PMC · DOI: 10.1016/j.sipas.2025.100276 · 2025-02-25

## TL;DR

This study examines a complex surgical procedure combining radical cystectomy and nephroureterectomy for advanced bladder cancer and kidney dysfunction.

## Contribution

The study provides clinical outcomes and surgical approach details for a rare combined procedure in treating multifocal urothelial cancer.

## Key findings

- Combined RCNU was performed in 8 male patients with high-grade urothelial carcinoma and kidney dysfunction.
- Mean overall survival was 21.8 months with 62.5% of patients having incidental prostate cancer.
- The procedure was effective for panurothelial cancer and MIBC with upper tract dysfunction.

## Abstract

Simultaneous radical cystectomy and nephroureterectomy (RCNU) is a complex procedure. Although performed infrequently, RCNU may be indicated in certain cases of multifocal high grade urothelial carcinoma (UC) or muscle-invasive bladder cancer (MIBC) with an obstructed and atrophic kidney. The aim of this study was to review the indications, operative approach and outcomes for patients undergoing RCNU in our institution.

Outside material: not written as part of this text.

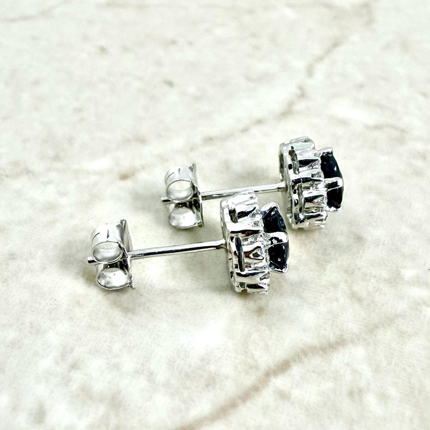 Beautiful pair of vintage platinum & 14k white gold blue sapphire & diamond halo stud earrings.

A single-centre, retrospective review was performed. Cases were identified by reviewing theatre logbooks. Chart reviews were conducted and clinicopathological outcomes were recorded and analysed.

Eight patients were identified between 2015–2024. All were male and had a mean age of 66.4 ± 4.7 years. All patients underwent RCNU with ileal conduit formation. The surgical approach for the nephroureterectomy was laparoscopic in four cases and open in the remaining four. The mean post-operative length of stay was 11.6 ± 1.75 days. All patients had high grade UC, seven patients had MIBC at presentation. Only two patients received neoadjuvant chemotherapy, one of whom achieved a complete pathological response. In total, 62.5% (n=5) had T3/4 disease while 50% (n=4) had node positive disease. Two patients had synchronous upper tract urothelial carcinoma (UTUC) on final histology. The remaining cases had chronically obstructed and atrophic kidneys. Incidental primary prostate cancer was found in 62.5% (n=5). The mean follow-up was 31.6 ± 7 months, during which time there were four recurrences with three patients dying from metastatic disease. The mean overall survival was 21.8 ± 11.8 months and the mean disease-free survival was 19.3 ± 12.3 months.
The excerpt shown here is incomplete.